- Born: Thomas Leycester Poulton 3 February 1897 Wimbledon, London, England
- Died: 1 April 1963 (aged 66) United Kingdom
- Occupations: Illustrator and artist

= Tom Poulton =

British artist (1897–1963)

Thomas Leycester Poulton (1897–1963) was a British magazine and medical illustrator who provided artwork for a range of publications including the British Journal of Surgery and The Radio Times. After his death it was discovered that he had also secretly produced hundreds of sketches and finished drawings of men and women engaged in a wide range of uninhibited sexual activity. In the 1990s and 2000s many of these were collected and made available to the public by publishing houses specialising in erotic art.

==Early life==
Poulton was born in Wimbledon on 3 February 1897. His father, Thomas Hill Mortimer Poulton (a civil servant), died in 1899 when Tom was 2. Tom was educated at Monkton Combe School (Junior School and Senior School), outside Bath in Somerset. In 1914 he won a scholarship to Slade School of Fine Art in Bloomsbury, Central London where he was taught by renowned artist and teacher Henry Tonks. At the Slade he met student Edith Kibblewhite whom he married in 1923 and with whom he had children (Alethea in 1924, Celia in 1927). Edith later became known as the acclaimed lutenist Diana Poulton.

==Career==
Poulton was commissioned to produce artwork for many magazines and books including, for Nonesuch Press, new versions of A Plurality of Worlds by Fontenelle and Isaac Walton's The Compleat Angler. He worked almost entirely with a soft pencil but occasionally used pen and ink.

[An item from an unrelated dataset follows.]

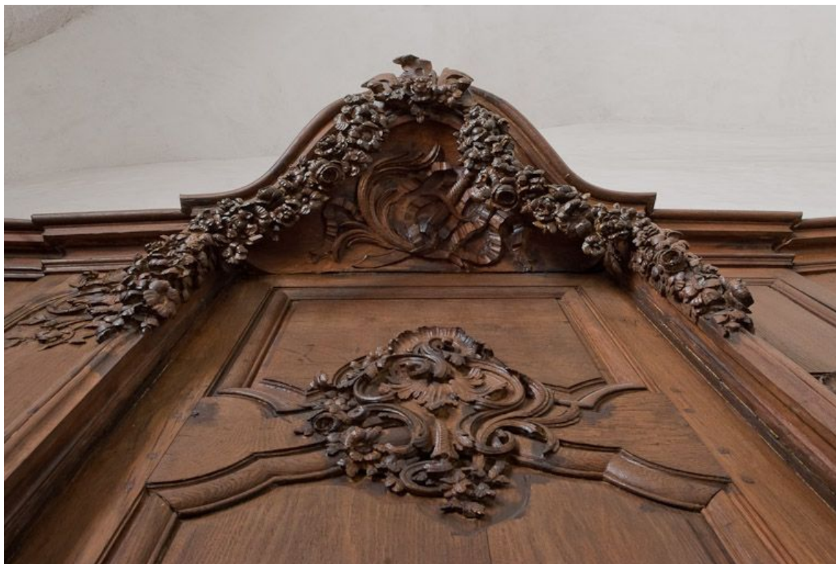
Détail de la stalle droite.

The 1939 Register of England & Wales shows Poulton and his wife Edith living in Heyshott in Surrey. He describes himself as a 'black and white artist and art teacher' and also gives his First World War service as a Lieutenant in the special reserve of the Royal Artillery (demobbed in 1920).

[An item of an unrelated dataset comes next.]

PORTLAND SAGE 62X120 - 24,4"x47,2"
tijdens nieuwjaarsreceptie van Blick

For a time he was employed as a cartographer for the Ministry of Defence.

==Personal life and erotica==
Whilst stationed in Khajuraho, India, Poulton came into contact with the Kama Sutra, which prompted a fascination with erotic art. [reference required] During his lifetime he produced many erotic drawings, usually on commission from various patrons, notably playboy yachtsman Beecher Moore, who sold a large collection of Poulton's work in the early 1990s.[reference required] His erotica is very much of its time; the clothing is very clearly from the 1940s and 50s and the pictures are characterised by an exuberance and joie de vivre on the part of the participants which arguably sets him apart from many other artists in the genre.

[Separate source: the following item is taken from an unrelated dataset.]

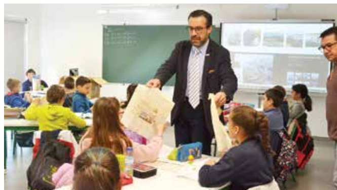
DISTRIBUIÇÃO DOS JOGOS ALUSIVOS AO PROJETO "LEMBRAR ABRIL"
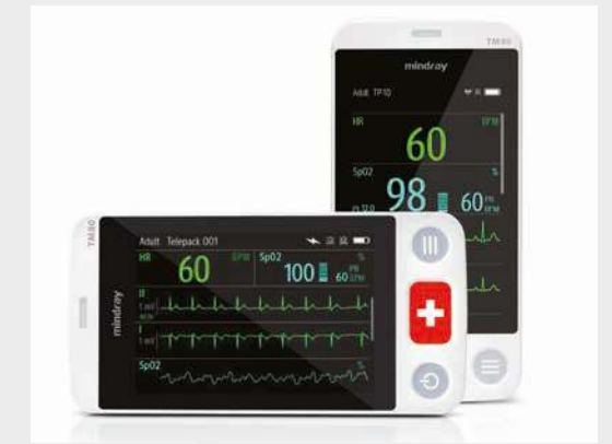
Einfach abzulesende Anzeige in der horizontalen und vertikalen Ansicht

Throughout his life he kept all of his erotic work secret for fear that it would be seized and he would be arrested by the police.[reference required]

He lived in Soho, London, for many years and was a member of the Double Crown Club. In later life he lived at 13 Handel Mansions in Holborn, Camden.[reference required]

==Bibliography==

- Maclean, Jamie, The Secret Art of an English Gentleman: Tom Poulton (Cologne: Taschen, 2006, ISBN 3-8228-3062-3)
- Poulton, Tom, An artists secret sketchbook (London: The Erotic Print Society, 1999, ISBN 1-898998-11-6)
- Maclean, Jamie, Tom Poulton: The Lost Drawings (London: The Erotic Print Society, 2000, ISBN 978-1-898998-23-5)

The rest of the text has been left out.